* [YOUR INSTRUCTIONS]: The lines from the top of the material through the line with "This is a practical" are to be set down exactly. Leave the pictures out.

* [RECORD SET]:
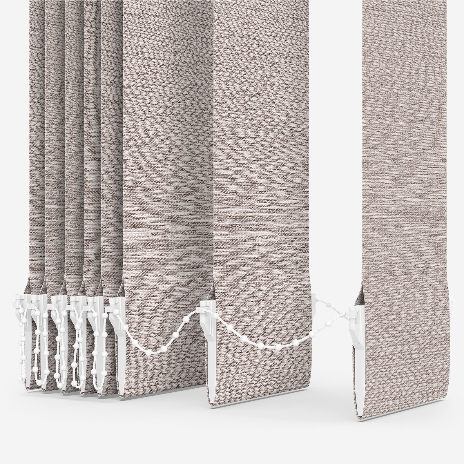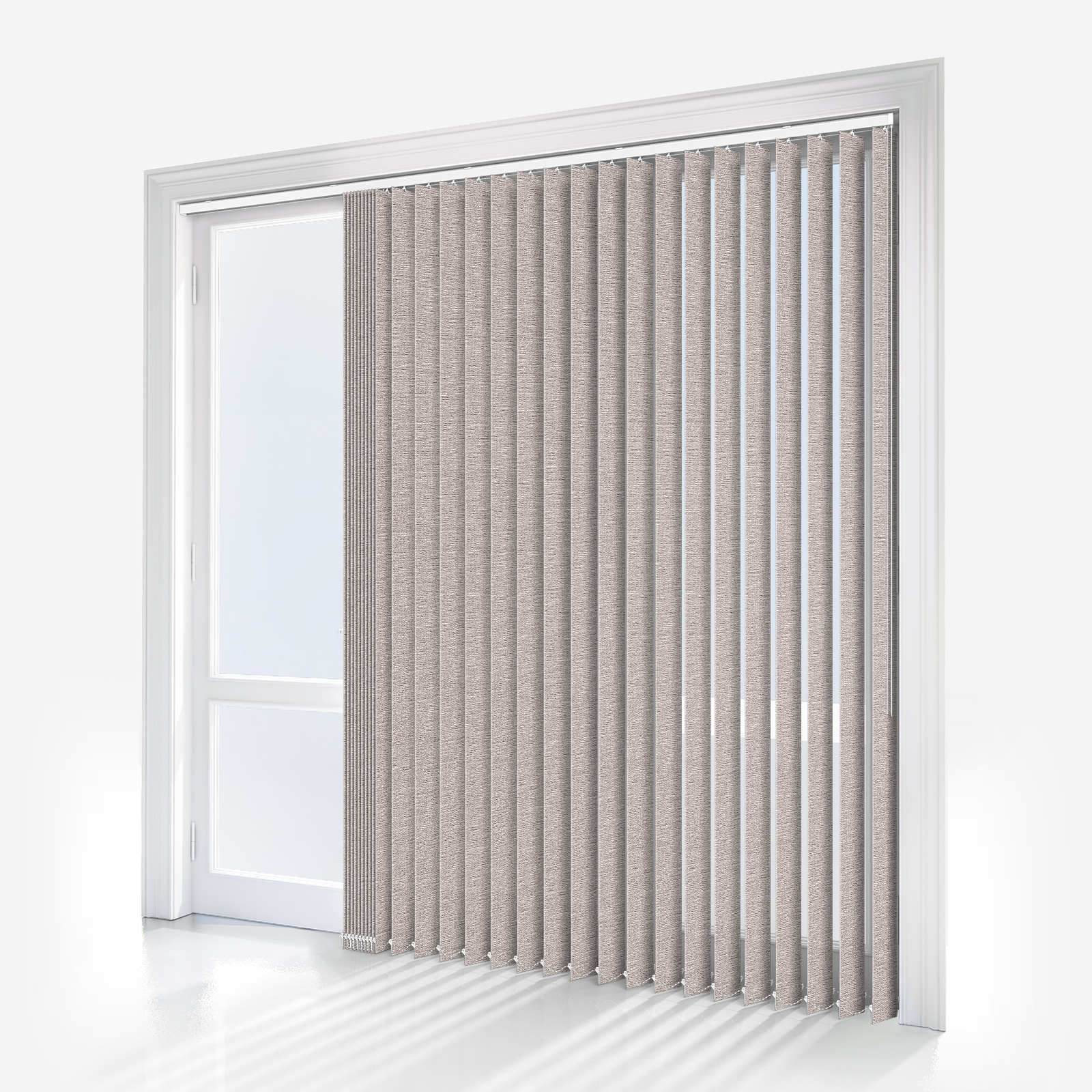 This linen vertical blind showcases an appealing plain pattern, providing your room and your interior look with versatile style.
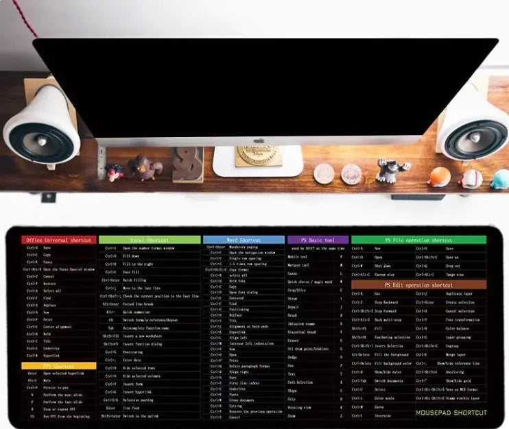 This is a practical and stylish accessory designed to enhance productivity by providing quick access to essential keyboard shortcuts. Ideal for students, office workers, and tech enthusiasts, this non-slip mouse pad ensures smooth mouse movement while serving as a handy reference guide for frequently used commands.
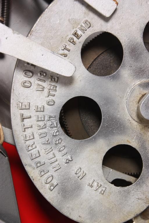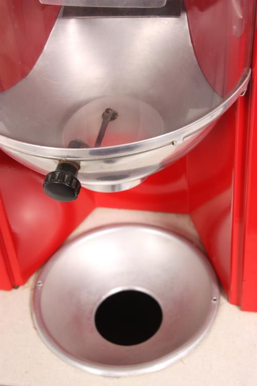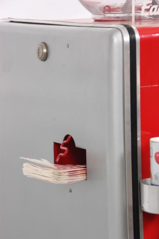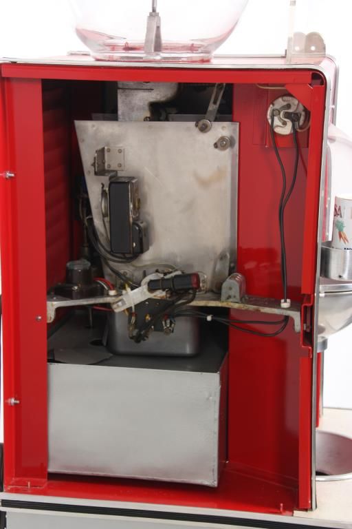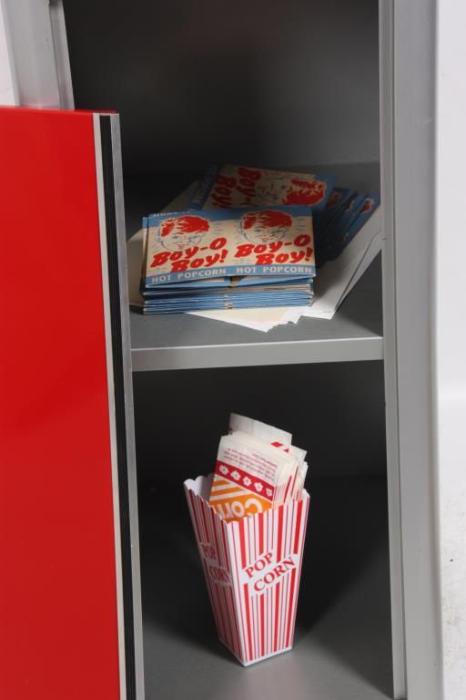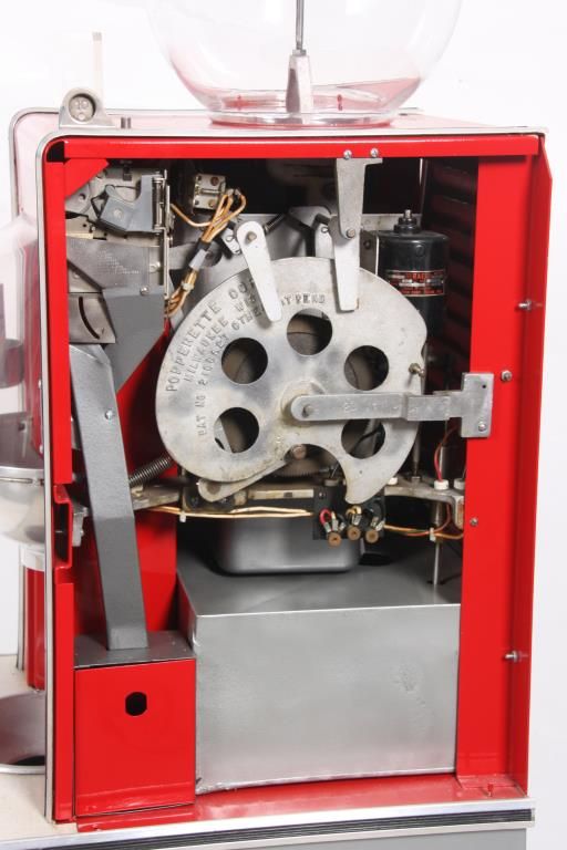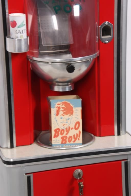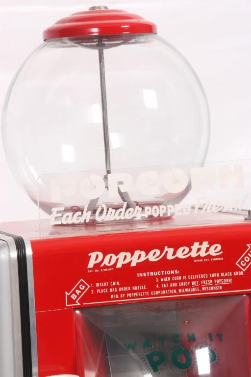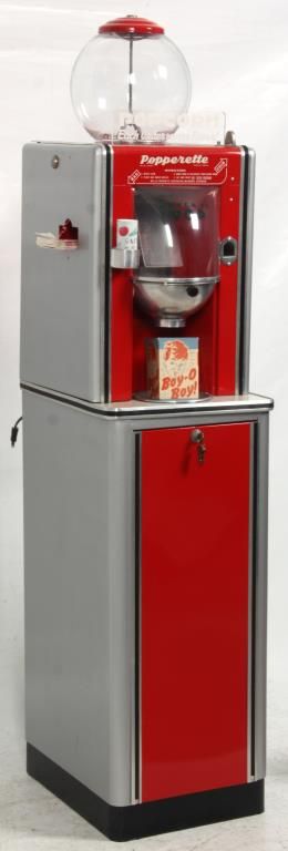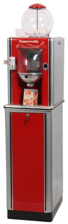 Popperette Coin-op Popcorn Maker & Dispenser. Circa 1950’s popcorn machine, insert coin into the coin slot at the top, the machine dispenses a portion of corn kernels from the glass globe on the top and into the warmer where they are freshly popped and dropped into the catch basin below. On an original 1 door cabinet/stand with silver paint on the sides and red with black highlights on the front. In good working condition. 64 in. high x 15 in. wide x 18.5 in. deep.
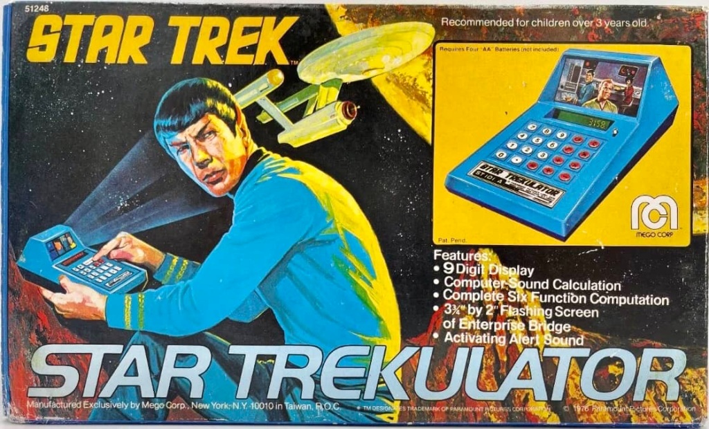 Notes: Who wouldn’t want a Star Trek Calculator back in 1976? I never knew about this back in the day, but if I had, I would’ve been bugging my mom to get me one. The calculator was designed to look like a science officer type computer that Spock might use on the show. It’s actually a tough item to find in boxed condition.
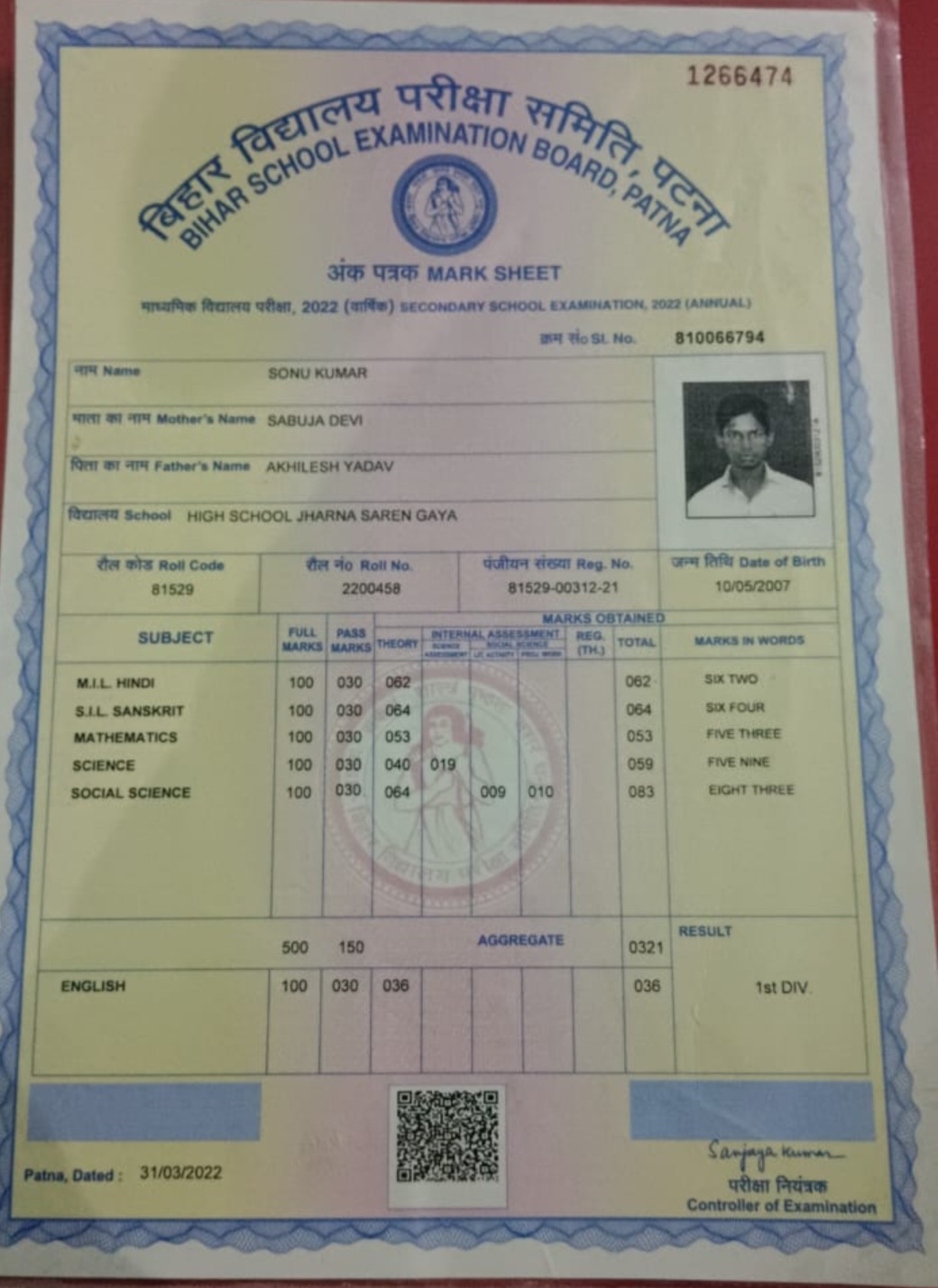 | Exam | Full Marks | Pass Marks | Marks Obtained |
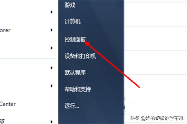 1、首先打开控制面板,在开始菜单中,右侧的菜单选项中。如图所示。
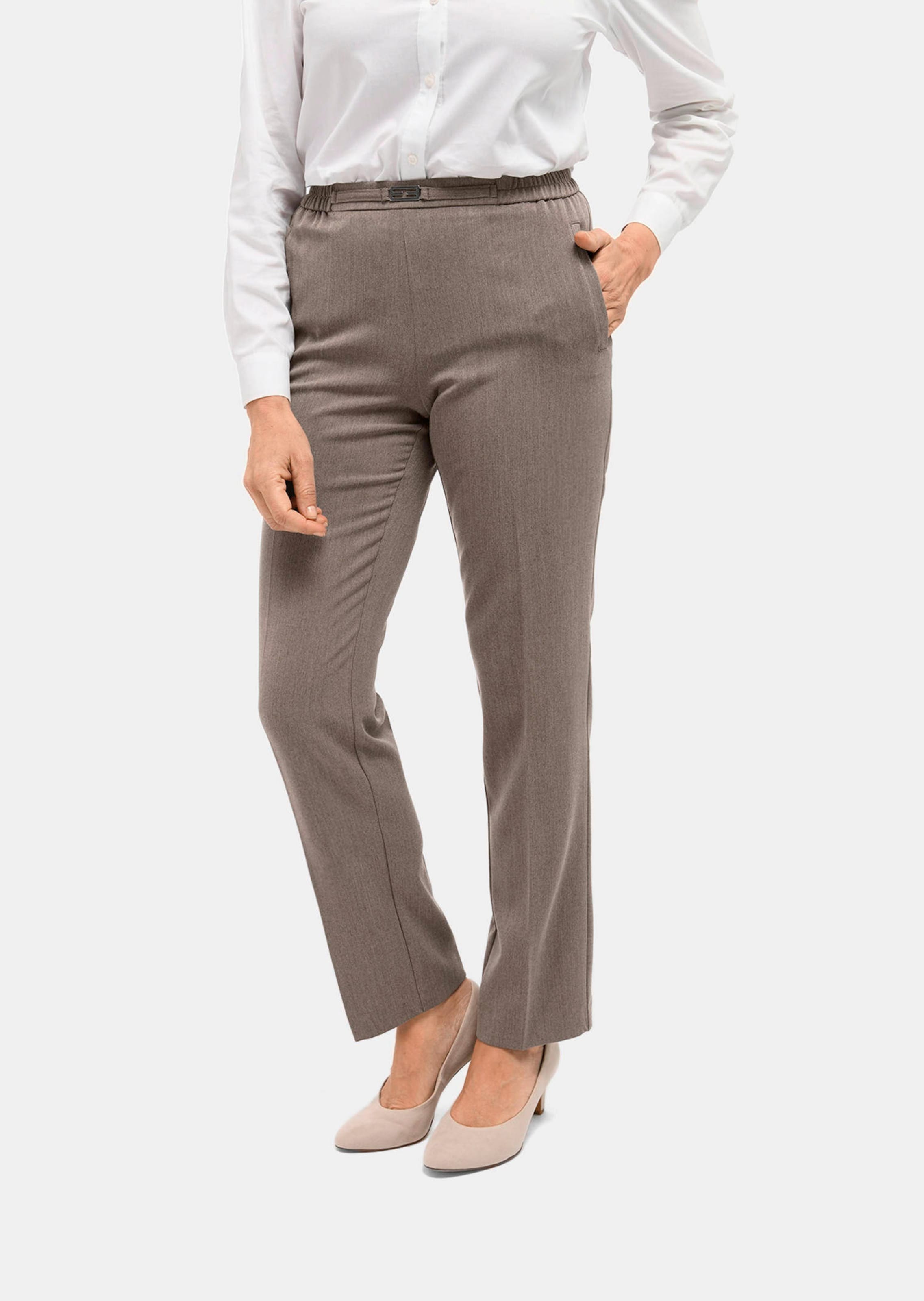 CARLA Professlan-housut, joissa mukava, joustava taakse jatkuva vyötärönauha. Sileä etupaneeli on viimeistelty elegantilla koristesoljella. Terereunaiset taskut ja siluettia pidentävät silitetyt prässit. Rypistymätön ja helppohoitoinen materiaali takaavat erinomaisen käyttömukavuuden. Lahkeen leveys n. 42 cm. Suorat lahkeet.

* [RESPONSE AREA]:
 This linen vertical blind showcases an appealing plain pattern, providing your room and your interior look with versatile style.
 This is a practical and stylish accessory designed to enhance productivity by providing quick access to essential keyboard shortcuts. Ideal for students, office workers, and tech enthusiasts, this non-slip mouse pad ensures smooth mouse movement while serving as a handy reference guide for frequently used commands.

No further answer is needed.